Tania Bruguera represents for the Arte Útil the same as William James did for the American pragmatism, that is the movement’s spreader and coordinator. Her œuvre/operation is very gentle because it doesn’t consist only in inventing a new artistic modality but in tracking the roots and outlining their future developments.

On the other hand, Bruguera herself is the first in working in a long-term social way, as her Immigrant Movement International and Migrant People Party, addressed not only to the research and to the creation of a common platform over which debate the increasing and pressing issue of the acknowledgment of the migrant status, but also to a real implication and an implementation in the reality through a social as much as political practice, demonstrate. The Immigrant Movement project represents a work which are inscribed under the label long-term project. This social-political operation represent a sort of “gym” for Bruguera herself, for testing the Arte Útil’s effectiveness and practicality. Immigrant Movement, conceived in 2005, expects an implementation period from 2010 to 2015. The headquarter is in the multi-ethnical district of Corona, in Queens.

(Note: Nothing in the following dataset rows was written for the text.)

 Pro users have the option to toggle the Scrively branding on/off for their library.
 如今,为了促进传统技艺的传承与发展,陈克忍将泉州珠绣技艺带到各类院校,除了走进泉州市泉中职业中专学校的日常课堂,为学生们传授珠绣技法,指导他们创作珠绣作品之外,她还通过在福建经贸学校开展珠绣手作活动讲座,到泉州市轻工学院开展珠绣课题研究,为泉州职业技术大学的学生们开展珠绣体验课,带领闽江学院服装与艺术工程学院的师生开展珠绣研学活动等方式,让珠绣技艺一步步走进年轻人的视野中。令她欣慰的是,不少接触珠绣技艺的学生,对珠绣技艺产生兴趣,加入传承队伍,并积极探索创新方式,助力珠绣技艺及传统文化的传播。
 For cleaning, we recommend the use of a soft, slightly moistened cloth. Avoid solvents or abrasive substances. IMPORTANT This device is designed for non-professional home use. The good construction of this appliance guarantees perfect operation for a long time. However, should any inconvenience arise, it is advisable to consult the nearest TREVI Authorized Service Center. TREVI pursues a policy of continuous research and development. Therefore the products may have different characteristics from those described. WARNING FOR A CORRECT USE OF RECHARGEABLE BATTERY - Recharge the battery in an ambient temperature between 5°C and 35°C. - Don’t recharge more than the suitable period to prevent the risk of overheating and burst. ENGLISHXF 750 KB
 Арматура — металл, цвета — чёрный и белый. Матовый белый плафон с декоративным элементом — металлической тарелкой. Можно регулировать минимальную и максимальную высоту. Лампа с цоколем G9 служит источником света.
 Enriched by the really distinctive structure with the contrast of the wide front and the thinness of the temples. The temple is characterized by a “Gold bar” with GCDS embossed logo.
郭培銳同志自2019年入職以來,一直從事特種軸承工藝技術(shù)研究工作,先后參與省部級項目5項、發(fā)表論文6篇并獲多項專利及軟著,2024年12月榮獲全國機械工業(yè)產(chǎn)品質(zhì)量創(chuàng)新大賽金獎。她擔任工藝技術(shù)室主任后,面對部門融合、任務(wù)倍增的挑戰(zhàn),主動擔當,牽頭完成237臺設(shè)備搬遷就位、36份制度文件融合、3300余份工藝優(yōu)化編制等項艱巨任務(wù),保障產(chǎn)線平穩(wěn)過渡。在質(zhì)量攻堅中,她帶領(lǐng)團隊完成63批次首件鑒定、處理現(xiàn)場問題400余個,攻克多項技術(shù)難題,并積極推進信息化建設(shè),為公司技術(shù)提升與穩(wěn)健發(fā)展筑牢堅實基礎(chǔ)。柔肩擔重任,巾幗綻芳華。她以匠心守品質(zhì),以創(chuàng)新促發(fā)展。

Scope of the project is to establish a relation with the district through workshops, actions, events and collaborations with the social services, to define the migration concept according to the continuous social-political-natural changes that push everyone of us to become a migrant.

As said before, problematize is no longer enough. So Tania Bruguera merges the research of a new status, for what it’s going to be soon a common condition for everyone, with a very strong political activism, which become itself a yardstick of an art which wants to define itself as useful. The Queens Museum of Art, supporter of the entire operation, sweeps away, anyway, the usual questions about the artistically legitimacy of a project as, for example, Immigrant Movement. Focusing further the attention over the Art Ùtil’s concept, we have to say that this is an open concern and the best way to know its principles is starting from the criteria drawn by the artist and showed on the Arte Útil associaton’s website (http://arteutil.net).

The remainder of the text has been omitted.